• [PROBLEM DESCRIPTION]: Whenever a line in the records below holds the string "into", copy it out.
Start of MATERIAL TO PROCESS
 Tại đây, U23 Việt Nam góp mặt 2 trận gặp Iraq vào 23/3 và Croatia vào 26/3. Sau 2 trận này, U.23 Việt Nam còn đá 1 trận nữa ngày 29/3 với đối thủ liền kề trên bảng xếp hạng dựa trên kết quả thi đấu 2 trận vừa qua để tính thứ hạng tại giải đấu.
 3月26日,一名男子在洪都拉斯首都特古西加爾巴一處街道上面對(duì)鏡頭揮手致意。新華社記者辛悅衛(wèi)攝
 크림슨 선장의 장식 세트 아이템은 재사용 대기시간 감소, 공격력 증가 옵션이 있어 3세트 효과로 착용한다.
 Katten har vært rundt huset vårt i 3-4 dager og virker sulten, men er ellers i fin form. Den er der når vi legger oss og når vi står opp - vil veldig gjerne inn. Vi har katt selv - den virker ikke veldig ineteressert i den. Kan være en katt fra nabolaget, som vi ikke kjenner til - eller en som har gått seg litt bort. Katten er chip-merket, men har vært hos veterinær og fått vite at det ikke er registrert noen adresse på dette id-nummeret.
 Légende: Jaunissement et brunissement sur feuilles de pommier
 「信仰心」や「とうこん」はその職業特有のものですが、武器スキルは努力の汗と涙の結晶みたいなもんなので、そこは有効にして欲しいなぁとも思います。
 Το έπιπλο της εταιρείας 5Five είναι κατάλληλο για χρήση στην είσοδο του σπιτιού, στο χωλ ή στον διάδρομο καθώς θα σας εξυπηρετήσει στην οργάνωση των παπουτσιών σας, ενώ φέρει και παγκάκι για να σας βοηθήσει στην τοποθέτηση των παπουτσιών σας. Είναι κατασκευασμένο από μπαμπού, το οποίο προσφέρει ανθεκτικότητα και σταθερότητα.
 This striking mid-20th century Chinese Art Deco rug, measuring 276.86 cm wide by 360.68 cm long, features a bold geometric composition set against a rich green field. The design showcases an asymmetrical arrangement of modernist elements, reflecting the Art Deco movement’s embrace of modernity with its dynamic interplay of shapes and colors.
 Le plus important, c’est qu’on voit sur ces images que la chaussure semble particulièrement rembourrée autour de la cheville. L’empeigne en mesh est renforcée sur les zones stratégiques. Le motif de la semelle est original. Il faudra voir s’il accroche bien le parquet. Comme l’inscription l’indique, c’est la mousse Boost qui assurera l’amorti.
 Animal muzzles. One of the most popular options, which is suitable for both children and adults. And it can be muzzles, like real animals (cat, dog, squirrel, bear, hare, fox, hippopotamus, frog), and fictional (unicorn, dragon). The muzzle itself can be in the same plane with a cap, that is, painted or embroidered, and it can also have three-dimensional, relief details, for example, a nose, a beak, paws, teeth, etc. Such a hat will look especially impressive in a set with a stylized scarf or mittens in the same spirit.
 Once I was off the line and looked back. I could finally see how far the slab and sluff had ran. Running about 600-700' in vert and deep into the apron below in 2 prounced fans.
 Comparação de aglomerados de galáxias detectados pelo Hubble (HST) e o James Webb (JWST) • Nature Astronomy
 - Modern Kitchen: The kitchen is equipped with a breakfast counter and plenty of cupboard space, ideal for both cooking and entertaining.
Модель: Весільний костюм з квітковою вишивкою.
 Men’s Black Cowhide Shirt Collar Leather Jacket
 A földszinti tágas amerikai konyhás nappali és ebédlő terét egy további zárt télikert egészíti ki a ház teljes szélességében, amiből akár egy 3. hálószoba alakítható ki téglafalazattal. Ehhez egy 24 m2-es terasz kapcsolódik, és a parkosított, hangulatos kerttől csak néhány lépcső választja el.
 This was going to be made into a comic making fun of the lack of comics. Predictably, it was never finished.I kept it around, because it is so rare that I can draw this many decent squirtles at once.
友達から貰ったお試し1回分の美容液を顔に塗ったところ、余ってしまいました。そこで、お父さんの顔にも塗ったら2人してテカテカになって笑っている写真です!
End of MATERIAL TO PROCESS
• [COMPLETED EXERCISE]:
 Once I was off the line and looked back. I could finally see how far the slab and sluff had ran. Running about 600-700' in vert and deep into the apron below in 2 prounced fans.
 This was going to be made into a comic making fun of the lack of comics. Predictably, it was never finished.I kept it around, because it is so rare that I can draw this many decent squirtles at once.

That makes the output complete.